**Work instructions**
Search the listing below for "complete". Copy each matching line.

**Given data**
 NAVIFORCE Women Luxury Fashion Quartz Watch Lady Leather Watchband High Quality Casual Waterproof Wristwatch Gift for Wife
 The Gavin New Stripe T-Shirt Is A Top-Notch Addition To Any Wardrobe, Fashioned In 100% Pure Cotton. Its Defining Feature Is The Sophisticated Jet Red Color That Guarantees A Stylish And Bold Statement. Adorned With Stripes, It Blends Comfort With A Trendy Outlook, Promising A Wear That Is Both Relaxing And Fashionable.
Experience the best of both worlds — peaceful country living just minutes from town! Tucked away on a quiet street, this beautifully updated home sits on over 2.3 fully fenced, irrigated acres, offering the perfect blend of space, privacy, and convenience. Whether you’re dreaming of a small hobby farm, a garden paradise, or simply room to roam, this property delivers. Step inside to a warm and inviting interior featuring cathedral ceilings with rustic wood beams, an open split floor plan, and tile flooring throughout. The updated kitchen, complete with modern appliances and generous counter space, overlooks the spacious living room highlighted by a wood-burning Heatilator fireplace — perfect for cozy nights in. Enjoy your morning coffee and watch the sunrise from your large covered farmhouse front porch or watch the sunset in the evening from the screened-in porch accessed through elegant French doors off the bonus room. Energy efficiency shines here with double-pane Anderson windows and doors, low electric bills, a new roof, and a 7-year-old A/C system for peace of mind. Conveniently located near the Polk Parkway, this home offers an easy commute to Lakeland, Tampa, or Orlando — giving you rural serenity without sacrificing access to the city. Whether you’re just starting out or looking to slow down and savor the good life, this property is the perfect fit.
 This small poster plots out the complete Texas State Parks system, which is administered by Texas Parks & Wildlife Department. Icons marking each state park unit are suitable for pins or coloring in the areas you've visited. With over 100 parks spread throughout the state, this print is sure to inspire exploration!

**Answer space**
Experience the best of both worlds — peaceful country living just minutes from town! Tucked away on a quiet street, this beautifully updated home sits on over 2.3 fully fenced, irrigated acres, offering the perfect blend of space, privacy, and convenience. Whether you’re dreaming of a small hobby farm, a garden paradise, or simply room to roam, this property delivers. Step inside to a warm and inviting interior featuring cathedral ceilings with rustic wood beams, an open split floor plan, and tile flooring throughout. The updated kitchen, complete with modern appliances and generous counter space, overlooks the spacious living room highlighted by a wood-burning Heatilator fireplace — perfect for cozy nights in. Enjoy your morning coffee and watch the sunrise from your large covered farmhouse front porch or watch the sunset in the evening from the screened-in porch accessed through elegant French doors off the bonus room. Energy efficiency shines here with double-pane Anderson windows and doors, low electric bills, a new roof, and a 7-year-old A/C system for peace of mind. Conveniently located near the Polk Parkway, this home offers an easy commute to Lakeland, Tampa, or Orlando — giving you rural serenity without sacrificing access to the city. Whether you’re just starting out or looking to slow down and savor the good life, this property is the perfect fit.
 This small poster plots out the complete Texas State Parks system, which is administered by Texas Parks & Wildlife Department. Icons marking each state park unit are suitable for pins or coloring in the areas you've visited. With over 100 parks spread throughout the state, this print is sure to inspire exploration!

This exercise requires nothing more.